The launch of the final report of the Children’s Cancer Priority Setting Partnership (PSP) was marked with special event in London last week (28 June).
The report is the culmination of a collaborative work that began in 2019, when Children’s Cancer and Leukaemia Group (CCLG) and The Little Princess Trust (LPT) partnered with the James Lind Alliance (JLA) to identify the research questions that are most in need of answering, according to those they matter to the most.
Its aim was to produce a list of the 10 most important research priorities in children’s cancer, from the perspectives of patients, their families and carers, and the health professionals who treat and care for them.
With topics of healthcare research in children’s cancer often driven by the interests of researchers and the pharmaceutical industry, what is most important to children, their families and the professionals who care for them, may sometimes be overlooked. Recognising the need for input from people with lived experience of childhood cancer, CCLG and LPT funded the PSP so that researchers and research funders are aware of the issues that matter most to the people who could benefit from the research.
Following a rigorous process of surveys, interviews and workshops designed by the JLA – a non-profit making initiative that brings together patients, carers and professionals to identify and prioritise unanswered questions that they agree are the most important – the top priorities for children’s cancer research were found.
Young patients, childhood cancer survivors, parents, carers and family members, as well as cancer professionals were invited to participate in this process and there was a special emphasis on talking to young children to make sure their opinions were heard. The final questions reflect the breadth of the cancer experience for children and families – including diagnosis, relapse, experience in hospital, support during and after treatment and the long-term impact of a cancer diagnosis.

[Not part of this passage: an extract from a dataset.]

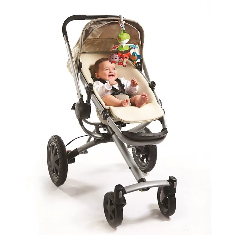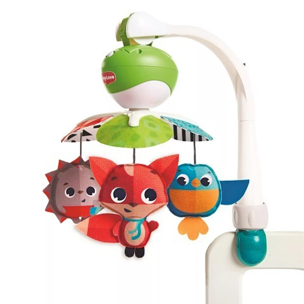 A zenélõ-forgó hangerõ-szabályozóval van ellátva, amely segíti a babákat a nyugalom elérésében, így könnyebben alszanak el. Könnyen bárhová magunkkal vihetõ. Multifunkcionális játék, mivel a forgón puha plüss anyagból készült, mosható figurák kaptak helyet, melyeket a kicsi akár alvótársnak is használhat.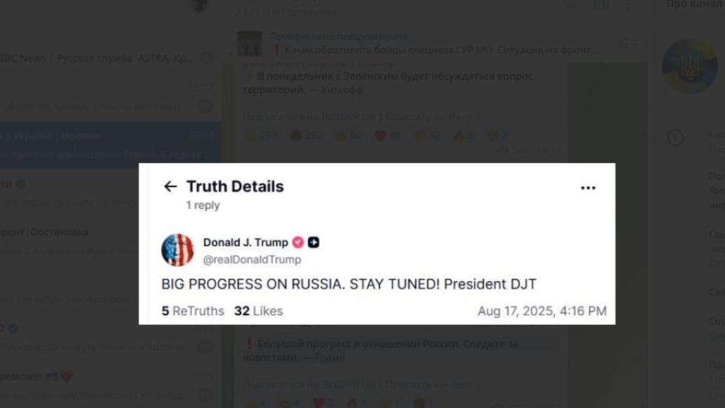 Президент США Дональд Трамп на своей странице в соцсети заявил о "большом прогрессе в отношении россии".

The findings were presented at the launch event, which brought together charities, researchers and research funders, as well as those affected by childhood cancer. Members of the project team spoke about the importance of the PSP, while the audience heard from a childhood cancer survivor and parents of childhood cancer patients about what the report means to them.
Ashley Ball-Gamble, Chief Executive of CCLG, said: “It was fantastic to be able to present this pivotal piece of work and showcase how we’re shaping the future of children’s cancer research. The PSP report truly represents a new beginning in children’s cancer research as, for the first time, we know what is important to children with cancer and can focus our work and resources accordingly.
“We received great feedback from those in attendance, and the room was filled with an incredible amount of positivity and enthusiasm from people determined to create positive change. It’s now imperative that we do so by turning the priorities into actual research.”
Faith Gibson, Professor in Child Health and Cancer Care at the University of Surrey and Great Ormond Street Hospital for Children and member of the PSP coordinating team, said: “We were really pleased how well the report was received on the evening – now we need action. This action can be taken by any member of the children’s cancer community as these research priorities belong to everyone.
“Importantly, at the launch, we had key funders of cancer research who now need to listen to the voices of these participants as they have told us what questions they want answered by future research.”
Phil Brace, Chief Executive of The Little Princess Trust, said: “We were delighted to have been able to joint fund this Children’s Cancer Priority Setting Partnership with CCLG as we always knew that the results would be vital in ensuring all those involved in funding research and supporting children with cancer were aligned and focused on what is important to those affected the most by childhood cancer.
“LPT Founder Wendy Tarplee Morris, who was a member of the steering group, saw first-hand the rigour that went into every element of the process to ensure the outcome was as accurate and valuable as possible.
“As Wendy said during her presentation at the launch, ‘now that we have this fantastic tool, it is important that we as funders use it to measure against our own research strategies’. And we would encourage other funders, and indeed researchers to do the same.”